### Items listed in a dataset
§ §

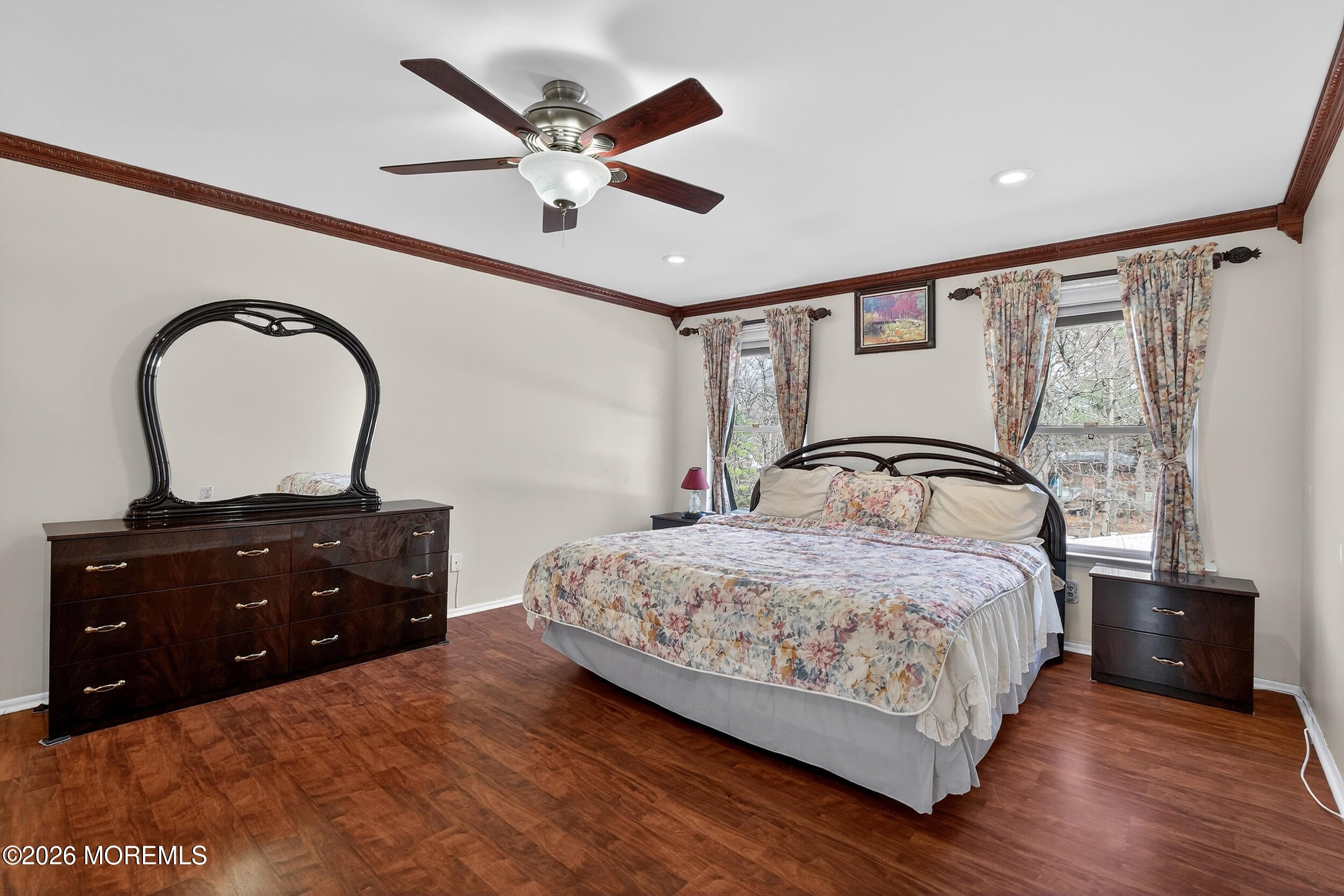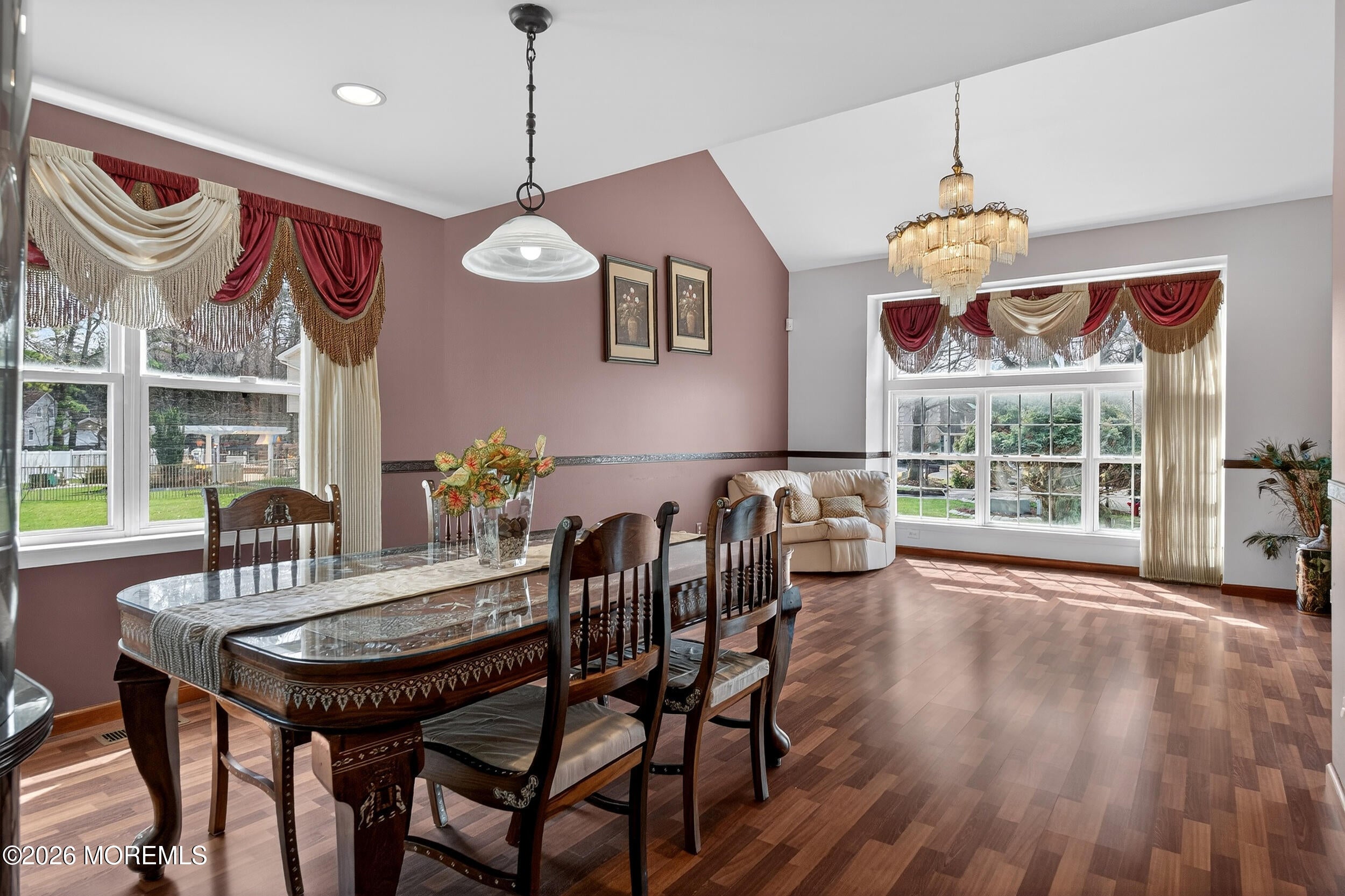 Beautifully expanded 4BR/3BA Colonial on a cul-de-sac offering approx. 3,100 sq ft, including a stunning 900 sq ft addition off the kitchen. Double doors open to a diamond-cut ceramic tile foyer with coat closet and full bath. Formal living and dining rooms feature Pergo floors, cathedral ceilings, floor-to-ceiling windows, decorative molding and recessed lighting.
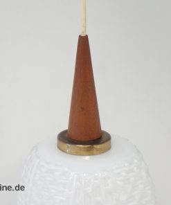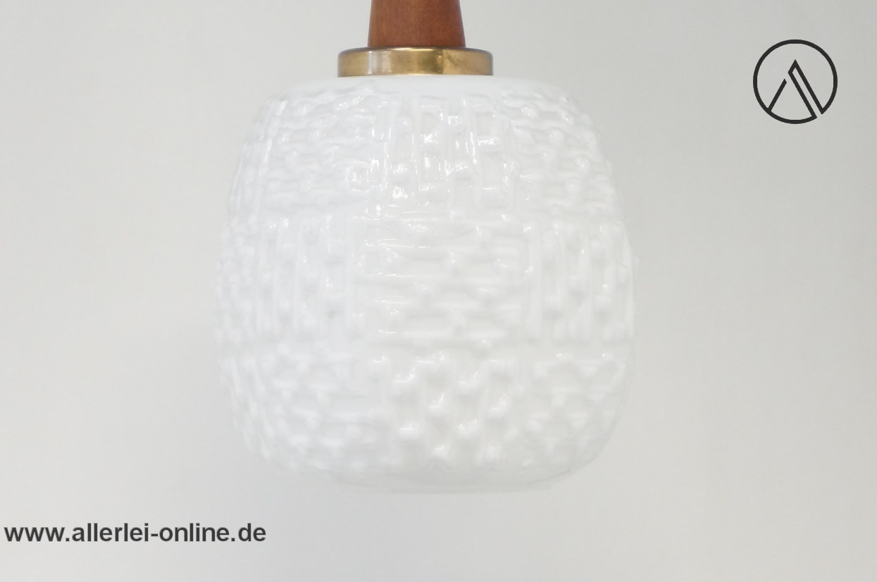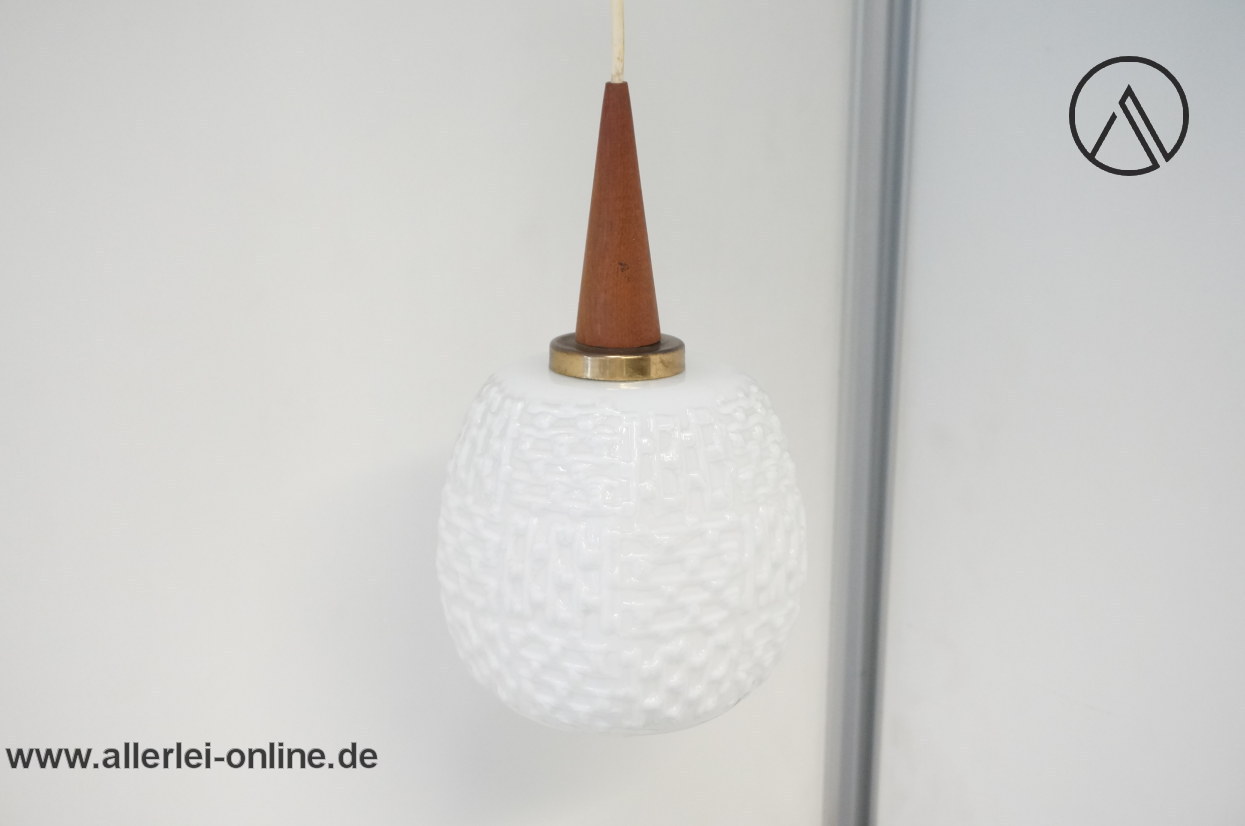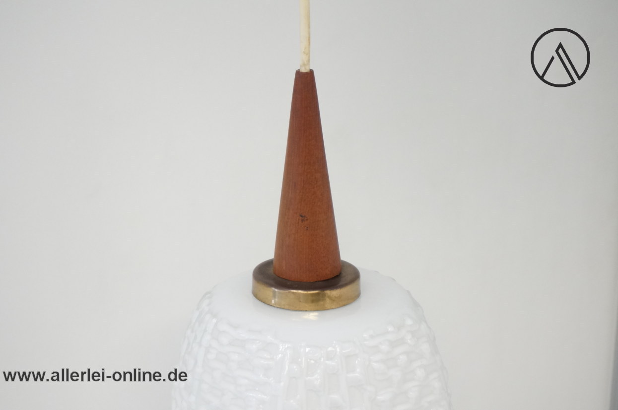Vintage Teak Hängelampe | Glas Lampenschirm | Milchglas Pendelleuchte | Mid Century 50-60er Jahre
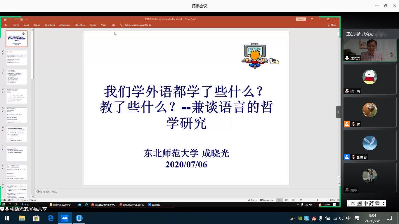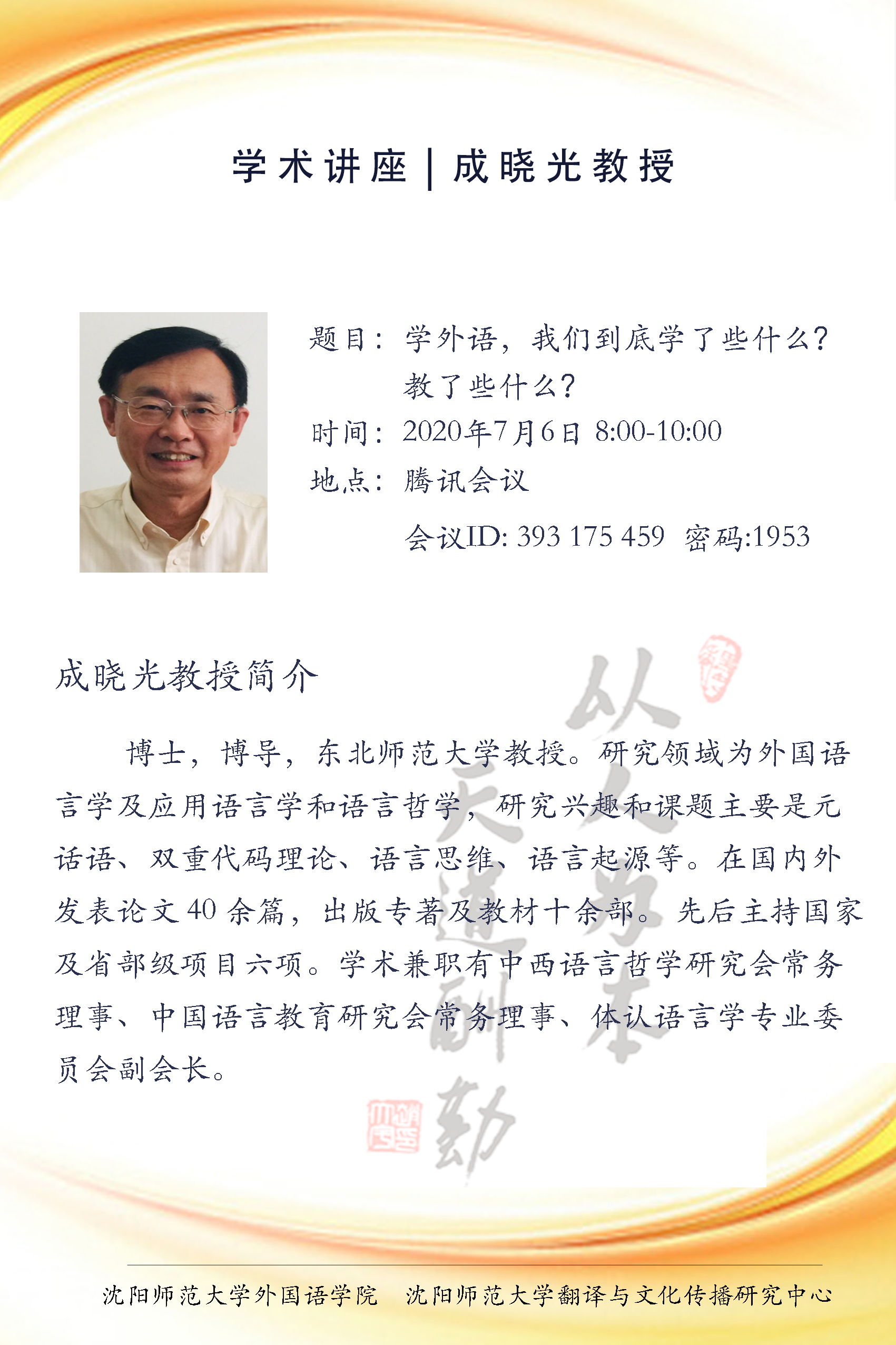 2020年7月6日上午,东北师范大学成晓光教授应我公司邀请,为suncitygroup太阳新城以及其他兄弟院校共300多人举行了线上学术讲座,讲座主题为“我们学外语都学了什么?教了些什么?—兼谈语言的哲学研究”。
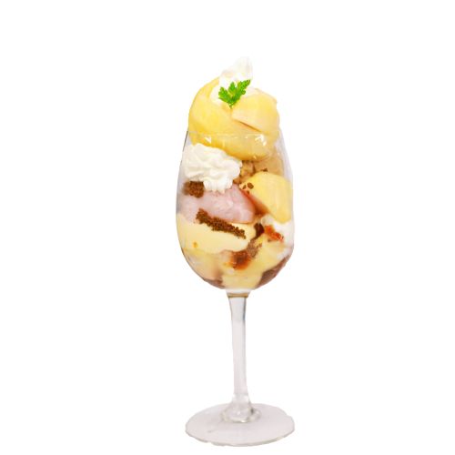 果肉がとてもジューシーでゼリーのような食感の紅まどんなをラズベリー、フロマージュブラン、スポンジケーキなどと合わせ、まるでケーキのようなパフェに仕上げました。口いっぱいに広がる甘い香りをお楽しみください。
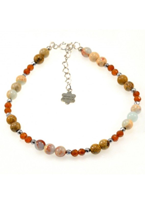 Bransoletka wykonana ze srebra próby 925 , platynowane Kamień: Jaspis i Granat Rozmiar kamienia: 3mm / 4mm Długość: 17,5 cm + przedłużka do 19,5 cm
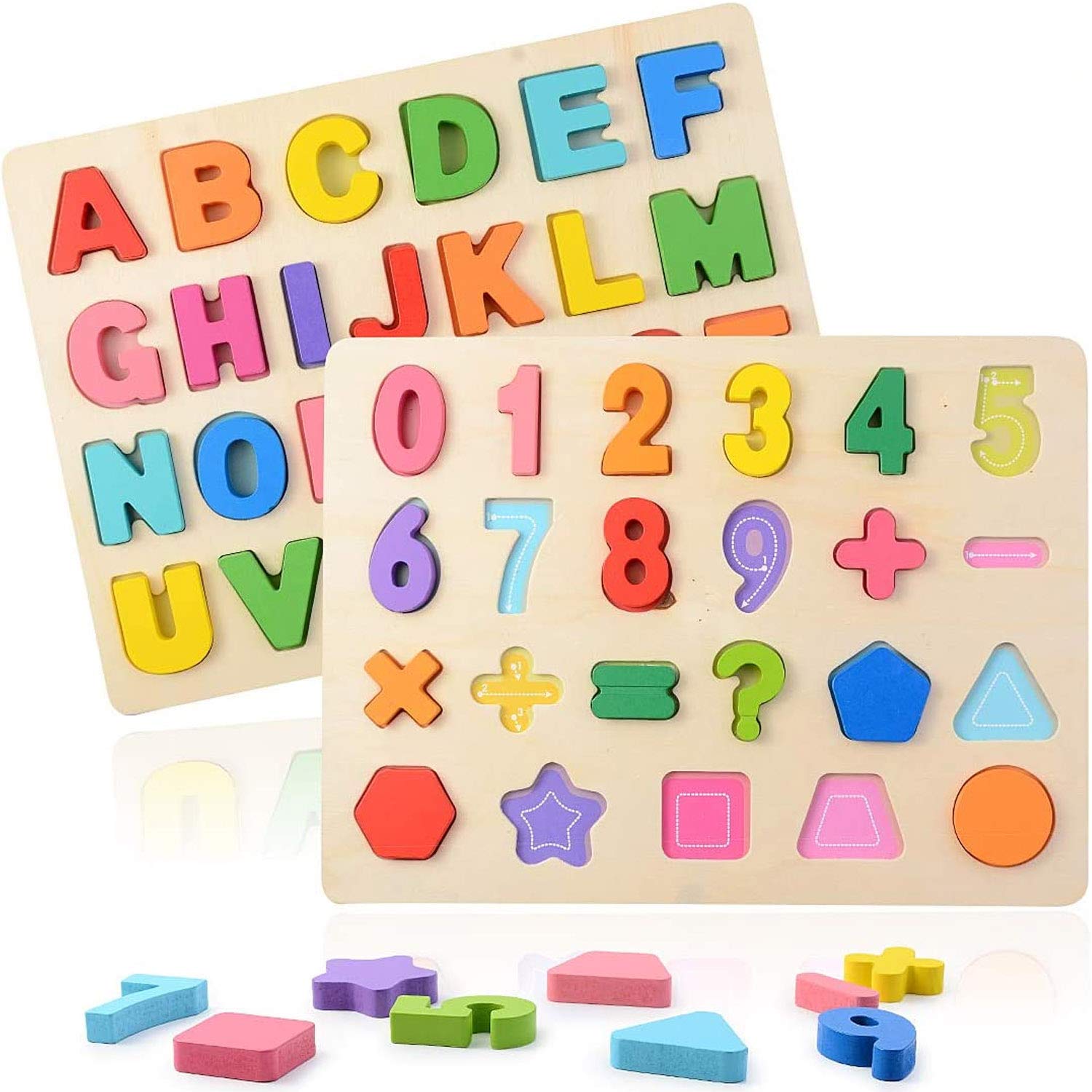 Voamuw Holzpuzzle für Kleinkinder, hölzerne Alphabet-Zahlen-Form-Puzzle für 3-4 5 Jahre alte Kinder, Montessori Spielzeug Lernspielzeug Lerngeschenk für Jungen Mädchen (Set von 3) Set2

§ §

The entries above need to be printed again exactly; please exclude all pictures.

### SOLUTION
 Beautifully expanded 4BR/3BA Colonial on a cul-de-sac offering approx. 3,100 sq ft, including a stunning 900 sq ft addition off the kitchen. Double doors open to a diamond-cut ceramic tile foyer with coat closet and full bath. Formal living and dining rooms feature Pergo floors, cathedral ceilings, floor-to-ceiling windows, decorative molding and recessed lighting.
Vintage Teak Hängelampe | Glas Lampenschirm | Milchglas Pendelleuchte | Mid Century 50-60er Jahre
 2020年7月6日上午,东北师范大学成晓光教授应我公司邀请,为suncitygroup太阳新城以及其他兄弟院校共300多人举行了线上学术讲座,讲座主题为“我们学外语都学了什么?教了些什么?—兼谈语言的哲学研究”。
 果肉がとてもジューシーでゼリーのような食感の紅まどんなをラズベリー、フロマージュブラン、スポンジケーキなどと合わせ、まるでケーキのようなパフェに仕上げました。口いっぱいに広がる甘い香りをお楽しみください。
 Bransoletka wykonana ze srebra próby 925 , platynowane Kamień: Jaspis i Granat Rozmiar kamienia: 3mm / 4mm Długość: 17,5 cm + przedłużka do 19,5 cm
 Voamuw Holzpuzzle für Kleinkinder, hölzerne Alphabet-Zahlen-Form-Puzzle für 3-4 5 Jahre alte Kinder, Montessori Spielzeug Lernspielzeug Lerngeschenk für Jungen Mädchen (Set von 3) Set2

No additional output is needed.